I think of two lonely people finding company in each other. I think of a profoundly insecure just-turned-20-year-old who felt validated by her professor in a way no one had ever validated her before, and so didn’t object to the increasingly inappropriate closeness in the moment.

The academic year after that summer was a difficult one for me. As you know, my mental health has been deteriorating for years. But the difficulty wasn’t only from within. I felt like an utter fraud taking part in a research group I’d gotten into on the basis of a glowing letter of recommendation you’d written me that I did not earn and (as I thought then) could not live up to. I felt the same way in my seminar taught by your colleague, with whom I was in good standing before I even set foot in her classroom because you put in an over-inflated good word for me some months before. This is how academia works, of course, but when the student’s sense of her own merit is bound up with the impression that her professor finds her attractive, it is epistemically disempowering indeed.

It has taken me a long time to achieve the clarity of mind required to understand that the closeness we shared was inappropriate, full stop.

Maybe you never found me attractive. But, to my mind, all signs point to you having considered me valuable beyond the usual ways in which a professor values any bright student, and not only because I am especially bright. You knew that you were the first person (in a position of authority, moreover) to tell me I was good at academic work. You knew that you had deliberately sought me out in your class as someone who was good enough at this work to do it with you. So you ought to have known to take special care not to confuse in my mind what it was about me that you were validating.

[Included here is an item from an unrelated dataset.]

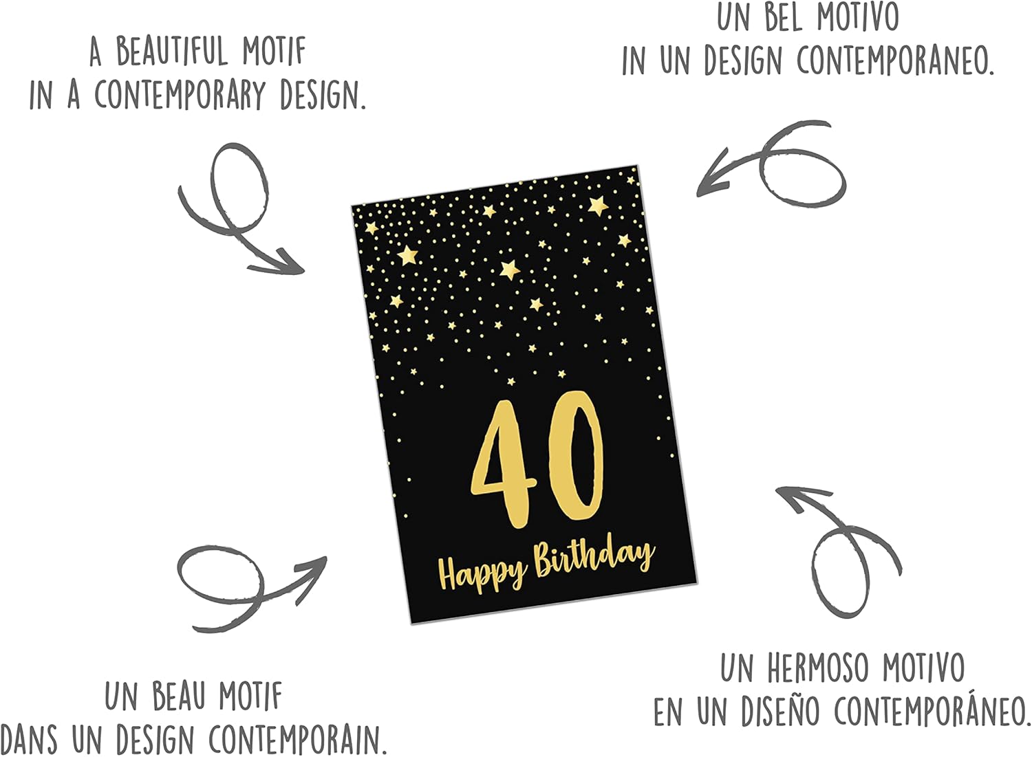⭐️ Incomparabile: un biglietto di auguri per il 40° compleanno di alta qualità. Bellissimo biglietto che esprime un apprezzamento speciale. ⭐️ ALTA QUALITÀ: la dimensione della carta è 11,5 x 17,0 cm. Il biglietto viene fornito con una busta colorata abbinata. Carta di alta qualità stampata in Germania. Stampa offset di alta qualità. Qualità superiore. Si tratta di un biglietto doppio/carta pieghevole senza testo interno. ⭐️ Design innovativo: il nostro giovane team creativo progetta le carte con tanto amore per un design bellissimo. ⭐️ Seidel Verlag ... stabiliamo le tendenze. Si prega di visualizzare anche le nostre altre carte e assortimenti. Grazie mille.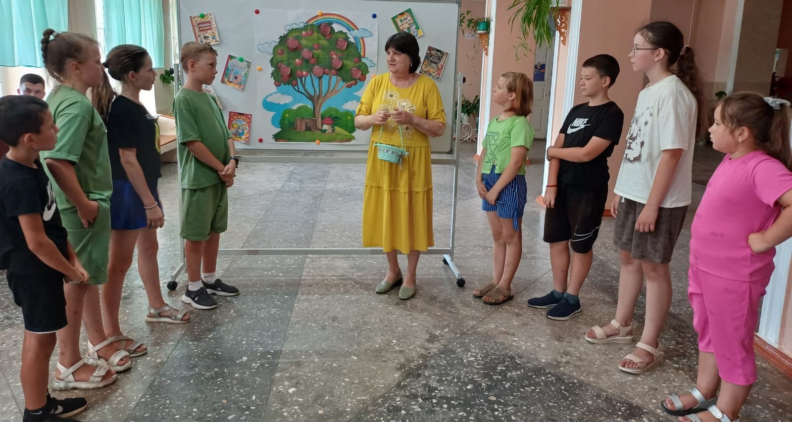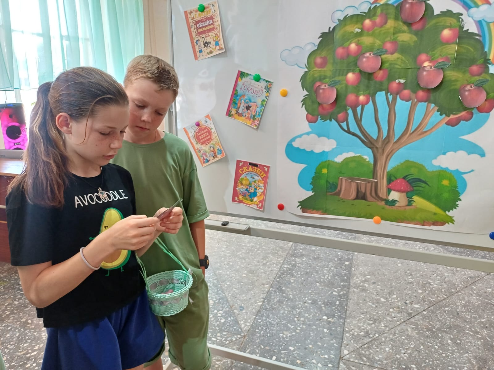 «Народных сказок хоровод» - так называлась литературная горница для детей из школьного лагеря «Солнышко». Ребята оживленно вспоминали сказки, выполняя увлекательные задания: они угадывали названия сказок по первому слову, а в игре «Сочинялка» с азартом подбирали рифмы, дополняя строки из известных сказочных произведений. Во время увлекательной викторины «Яблоня сказок» дети срывали с дерева яблоко, на обратной стороне которого было спрятано задание: текст из сказки, название которой нужно было угадать. В завершение мероприятия ребята с задором и смехом сыграли в веселую и динамичную игру «Гуси-лебеди», которая подарила всем море положительных эмоций.

It has taken me a long time to achieve the clarity of mind required to understand that the closeness we shared was inappropriate, full stop. What I’m still unclear on is why you, someone who has a robust academic background in feminism and who is professionally meticulous in every other respect, let this happen. That the subject matter of our work was sensitive is not sufficient to justify the extent to which we grew close, though you rationalized as much at the time. And I know you know this, too, because at the end of the summer you indicated that you didn’t want your higher-ups knowing we’d exchanged a total of 700 emails over three or four months, and turned thereafter to infantilizing me (“kiddo,” “munchkin”), which was jarring and further disorienting. So, when I say I waver, it’s between thinking what happened was a product of mutual loneliness, and thinking you knew exactly what you were doing. These things are probably not to be disentangled.

Either way, you hurt me. I have spoken to some people about my experience, as I think is my right to do as a student who was hurt by her professor. I was concerned, to be honest, because you’ve betrayed that you’re only interested in supervising other (“badass”) women, which could be coming from a place of affirmative action or somewhere more sinister, I can’t be sure.

I’m not out to ruin your career. Rather, I mean to encourage you to take better care in the future. And I implore you to remember that just because you’re hurting, too, doesn’t mean you’re incapable of hurting others, particularly those under your academic care.